This guarantees bounded renewal frequency even for very hot sandboxes.

Mode A: Server Proxy Path

For requests handled by server proxy:

Client --> OpenSandbox Server Proxy --> Sandbox Service
              |
              +--> AccessRenewController (local signal)
                        |
                        +--> eligibility + cooldown + in-flight checks
                                |
                                +--> internal renew call (server -> own renew handler)

Implementation notes:

  • Trigger point: after sandbox resolution and before/after proxy forward (implementation-defined), with non-blocking behavior.
  • Renewal execution must not increase proxy path latency materially; use async/background task dispatch.
  • Internal renewal uses existing service-level renewal logic to avoid API divergence.

Mode B: Ingress Gateway Path (Redis Queue)

For requests first seen by ingress:

Client --> Ingress/Gateway
             |
             +--> publish renew-intent to Redis (sandbox_id, ts, route info)
                           |
                           v
                  OpenSandbox Renew Worker
                           |
                           +--> eligibility + cooldown + distributed dedupe
                                   |
                                   +--> renew call

Redis usage:

  • Queue: Redis List only (required). Ingress pushes with LPUSH; server workers pop with BRPOP. No ack—best-effort delivery. Keeps the model simple and avoids Stream/consumer-group complexity.
  • Intent payload (one JSON string per list element):
    • sandbox_id (string, required)
    • observed_at (string, required; RFC3339 or RFC3339Nano)
    • port (int, optional) — sandbox port accessed
    • request_uri (string, optional) — path forwarded to the sandbox
  • Ingress may apply a client-side throttle (e.g. min interval per sandbox) so not every request produces an intent; queue key and optional list cap are configurable.
  • Distributed dedupe lock key (server side):
    • opensandbox:renew:lock:{sandbox_id} with short TTL

Worker behavior:

  • One or more workers block on BRPOP; on pop, parse payload, drop if stale, then run gate checks and maybe renew (with lock). No requeue on failure—best-effort.
  • On publish/consume failures, log and drop.

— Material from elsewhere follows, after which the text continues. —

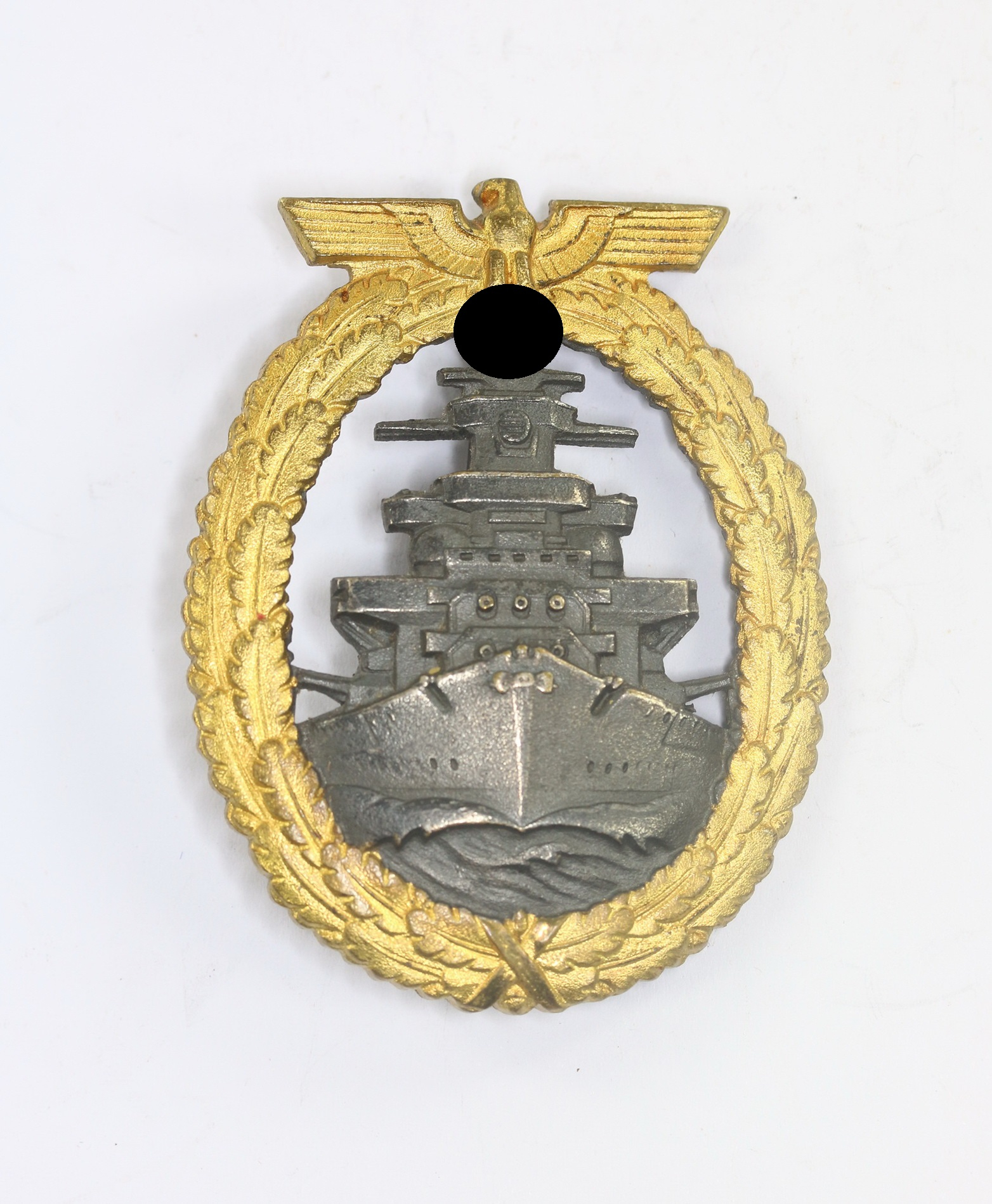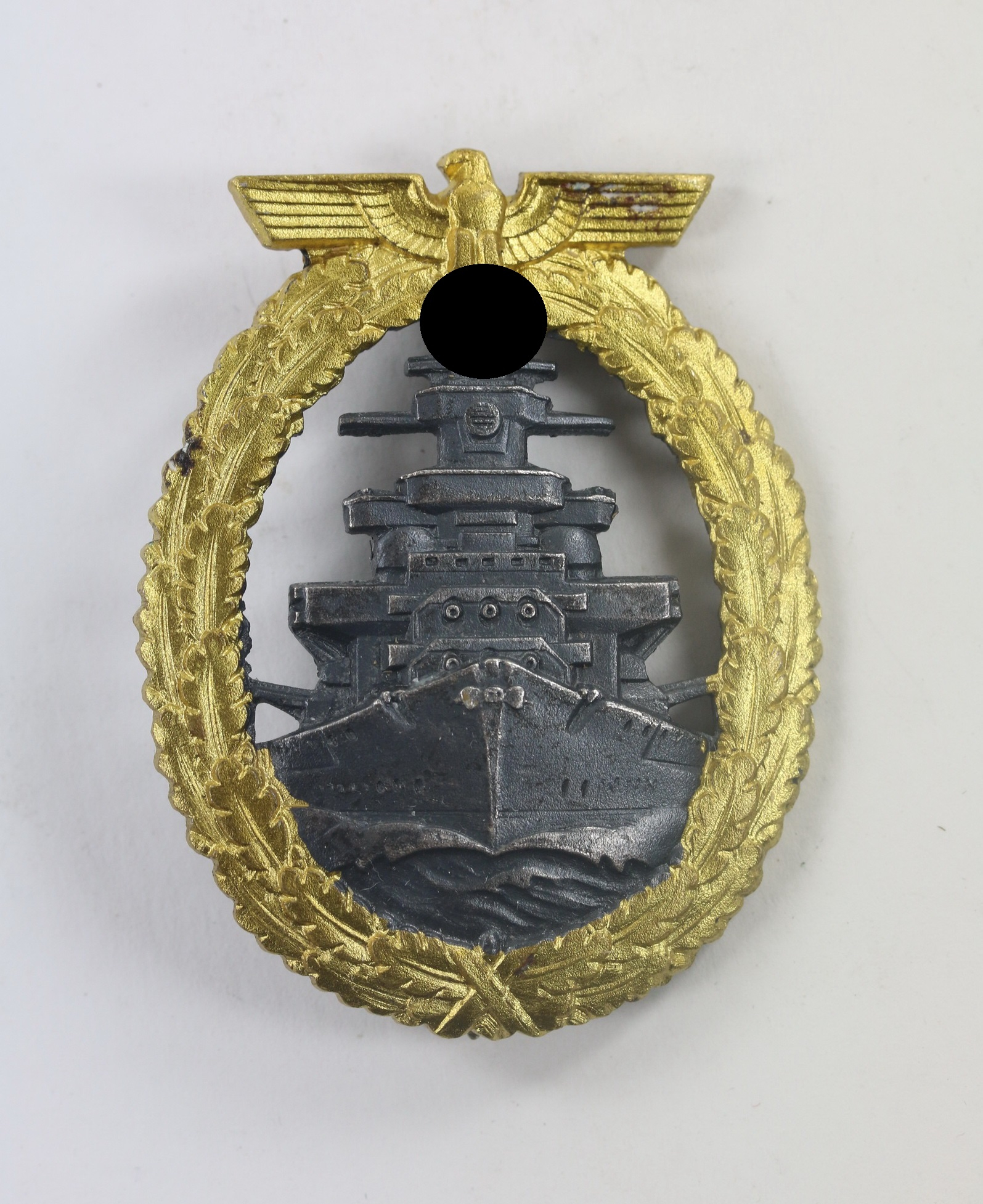 Marked on the reverse with the maker „Schwerin Berlin“. See Weber/Skora, The War Badges of the Kriegsmarine. Early pattern Badge with all five bridge windows and deep indentation of the ships bow on the reverse.

Why Redis Between Ingress and Server

Redis is selected for ingress -> server renew-intent delivery to decouple data-plane bursts from control-plane renew execution.

Compared with ingress directly calling server renew APIs:

  • Backpressure isolation: ingress can LPUSH quickly; server workers process at their own pace.
  • Latency protection: ingress request path does not wait on renew execution.
  • Multi-replica friendliness: multiple server instances can BRPOP from the same list (competing consumers); each message is taken by one worker.
  • Failure containment: when server is transiently unhealthy, intents can sit in the list briefly instead of ingress retrying synchronously.

Compared with other MQs (Kafka/NATS/Pulsar):

  • Scope fit: best-effort, short-lived; Redis List is the minimal option and avoids Stream/consumer-group complexity.
  • Operational cost: Redis is commonly available; List is the simplest structure.
  • Implementation speed: LPUSH + BRPOP + lock is enough; no XREADGROUP/XACK or group management.

Redis Data Model

This OSEP uses a Redis List for renew-intent events plus a lock key for per-sandbox dedupe (server side).

Keys:

  • Intent list key: configurable, default opensandbox:renew:intent (Redis List)
  • Per-sandbox lock key: opensandbox:renew:lock:{sandbox_id} (server consumer only)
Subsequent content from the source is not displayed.